*** Dataset section ***

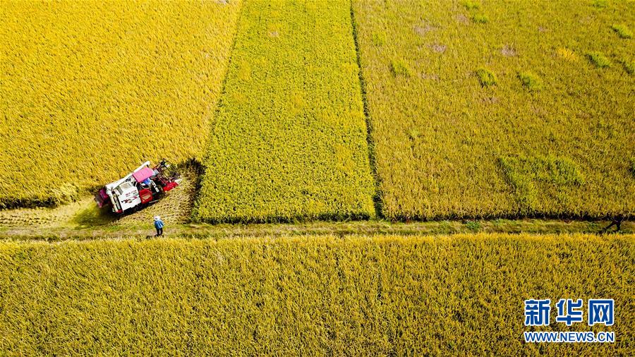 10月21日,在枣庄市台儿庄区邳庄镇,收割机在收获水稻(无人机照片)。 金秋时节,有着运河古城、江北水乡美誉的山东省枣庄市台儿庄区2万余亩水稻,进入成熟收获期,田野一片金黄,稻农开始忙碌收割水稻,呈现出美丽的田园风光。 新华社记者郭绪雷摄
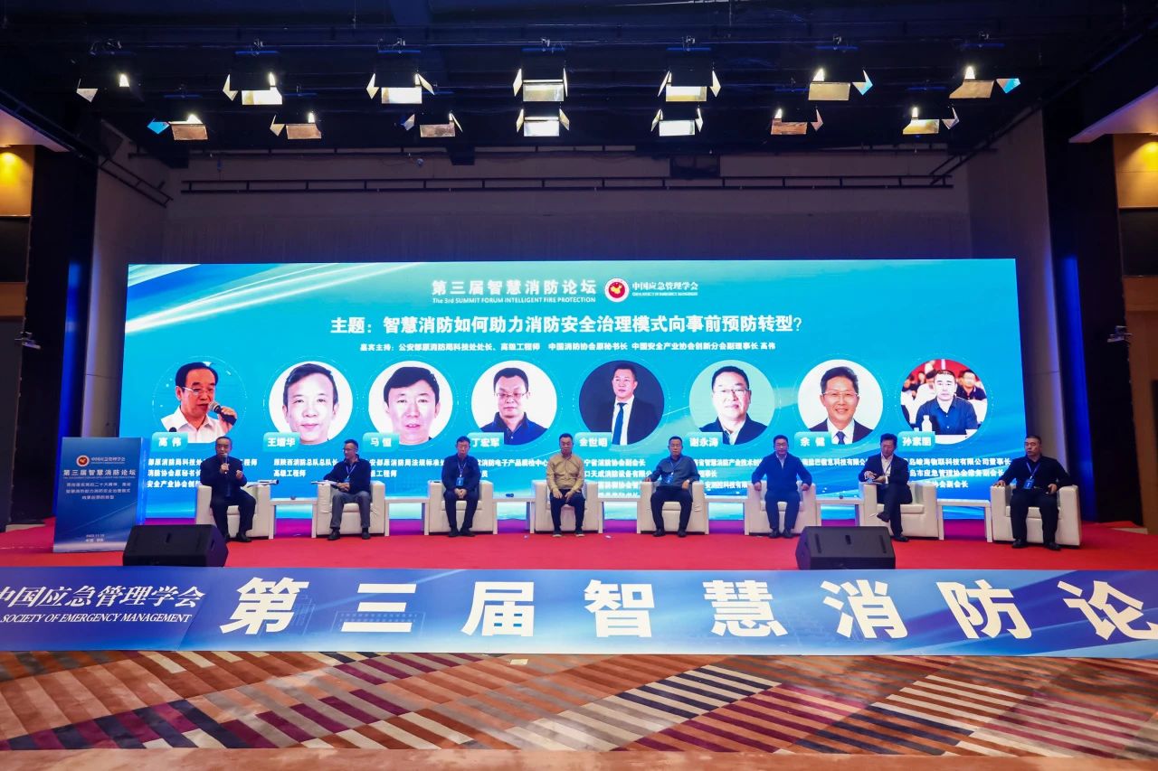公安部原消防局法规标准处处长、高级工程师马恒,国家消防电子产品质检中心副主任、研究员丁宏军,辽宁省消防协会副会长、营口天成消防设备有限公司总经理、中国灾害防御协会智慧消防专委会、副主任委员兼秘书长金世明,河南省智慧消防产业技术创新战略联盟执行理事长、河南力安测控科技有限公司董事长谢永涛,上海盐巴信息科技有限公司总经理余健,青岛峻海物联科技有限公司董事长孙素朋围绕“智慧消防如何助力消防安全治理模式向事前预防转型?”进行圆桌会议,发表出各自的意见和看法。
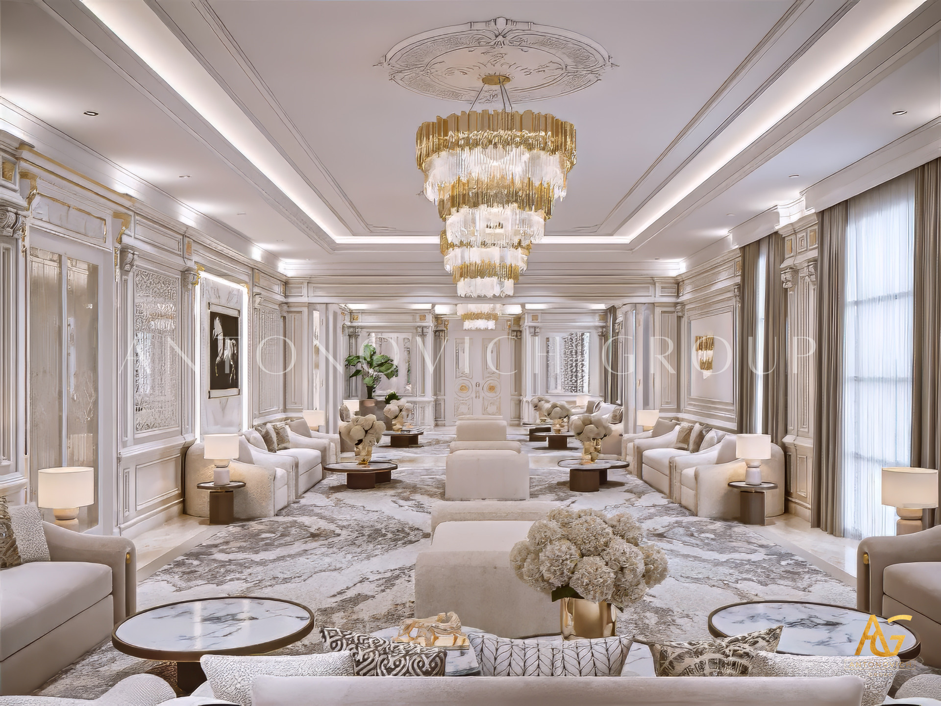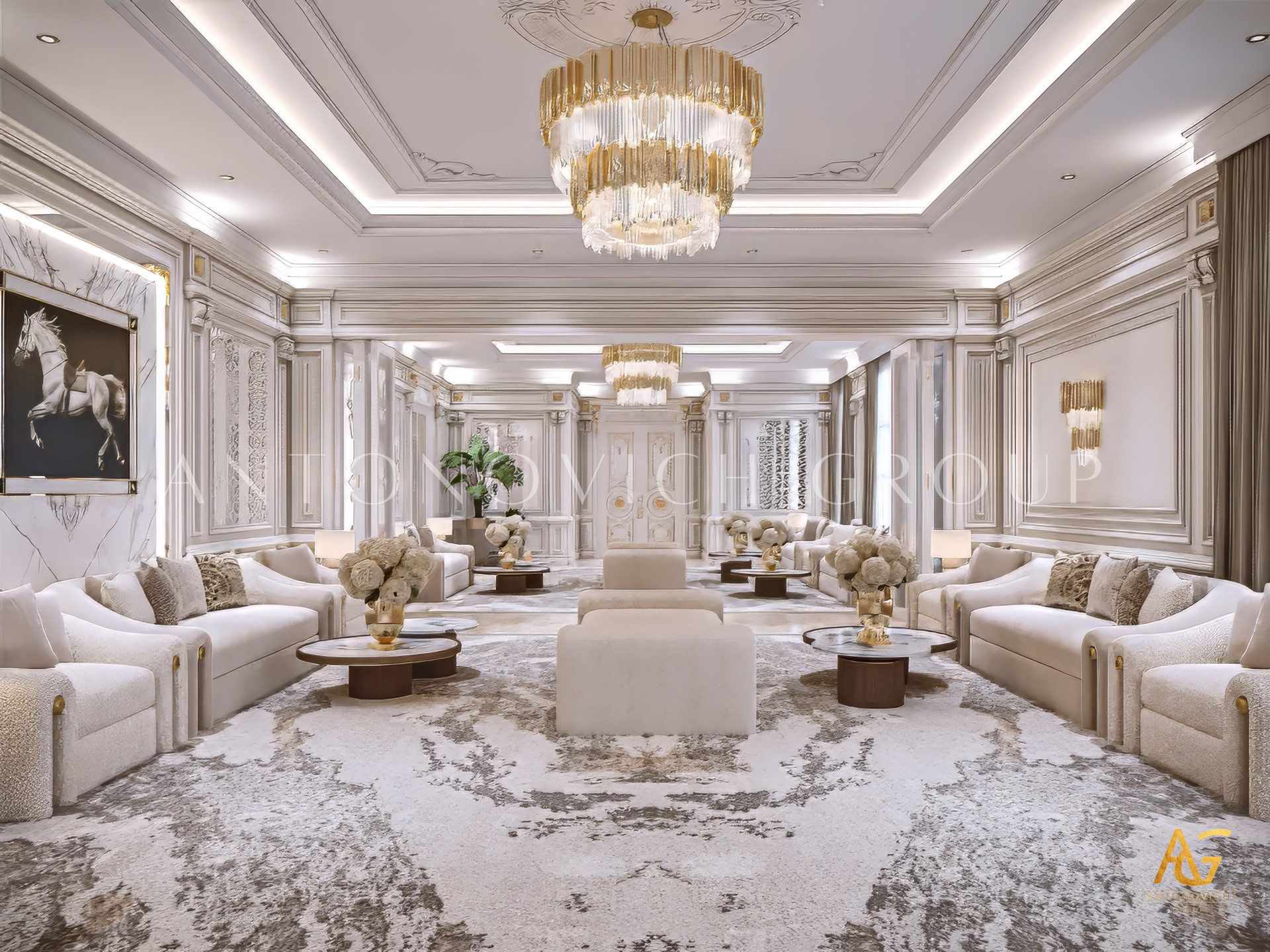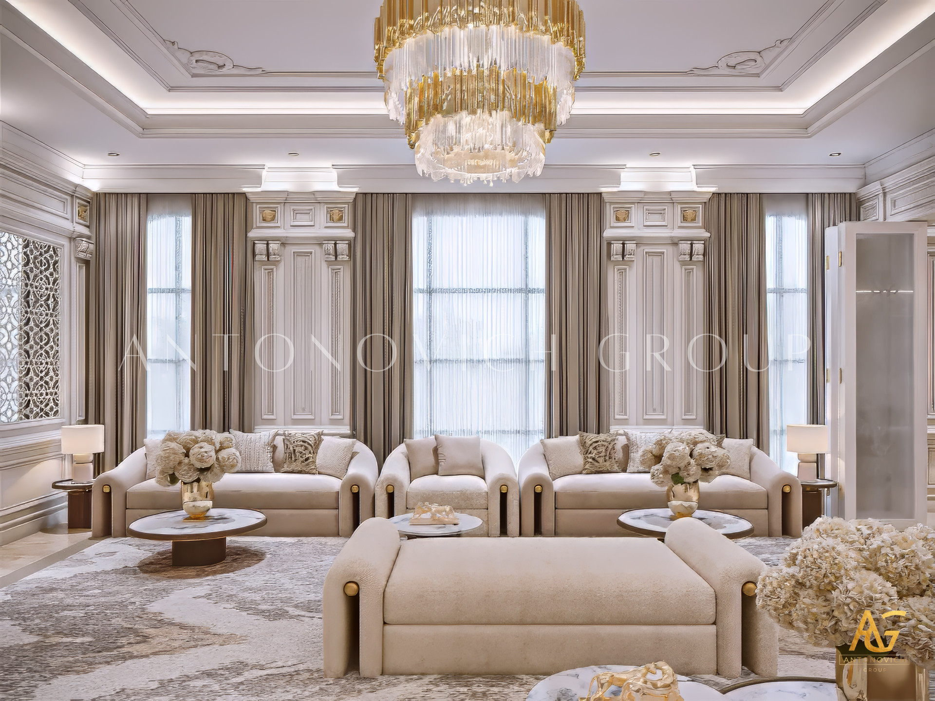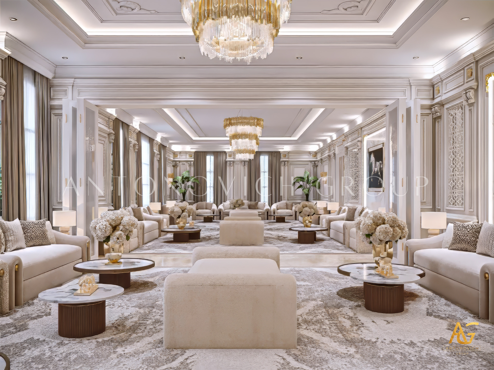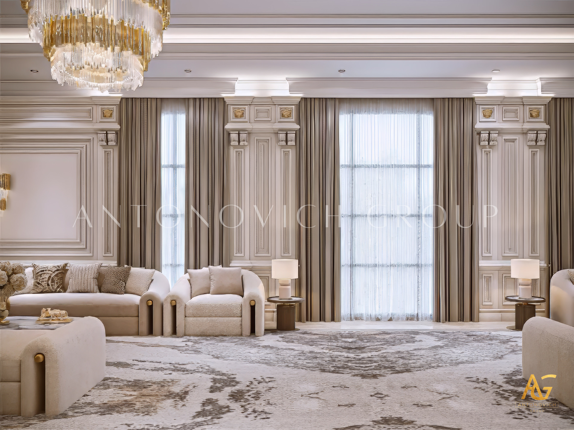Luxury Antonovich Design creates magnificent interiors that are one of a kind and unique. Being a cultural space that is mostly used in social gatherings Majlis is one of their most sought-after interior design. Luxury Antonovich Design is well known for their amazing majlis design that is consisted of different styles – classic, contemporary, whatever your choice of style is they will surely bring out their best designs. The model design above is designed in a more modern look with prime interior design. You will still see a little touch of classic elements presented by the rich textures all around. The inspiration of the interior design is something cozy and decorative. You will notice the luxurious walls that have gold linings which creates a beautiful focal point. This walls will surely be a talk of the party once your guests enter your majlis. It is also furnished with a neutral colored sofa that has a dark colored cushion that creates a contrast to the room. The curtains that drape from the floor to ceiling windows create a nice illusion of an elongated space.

*** End of Dataset section ***

> Aim of the exercise:
Look at the listing and set down only the lines from its start through the line with "公安部原消防局法规标准处处长", word for word and without pictures.

> Result:
 10月21日,在枣庄市台儿庄区邳庄镇,收割机在收获水稻(无人机照片)。 金秋时节,有着运河古城、江北水乡美誉的山东省枣庄市台儿庄区2万余亩水稻,进入成熟收获期,田野一片金黄,稻农开始忙碌收割水稻,呈现出美丽的田园风光。 新华社记者郭绪雷摄
公安部原消防局法规标准处处长、高级工程师马恒,国家消防电子产品质检中心副主任、研究员丁宏军,辽宁省消防协会副会长、营口天成消防设备有限公司总经理、中国灾害防御协会智慧消防专委会、副主任委员兼秘书长金世明,河南省智慧消防产业技术创新战略联盟执行理事长、河南力安测控科技有限公司董事长谢永涛,上海盐巴信息科技有限公司总经理余健,青岛峻海物联科技有限公司董事长孙素朋围绕“智慧消防如何助力消防安全治理模式向事前预防转型?”进行圆桌会议,发表出各自的意见和看法。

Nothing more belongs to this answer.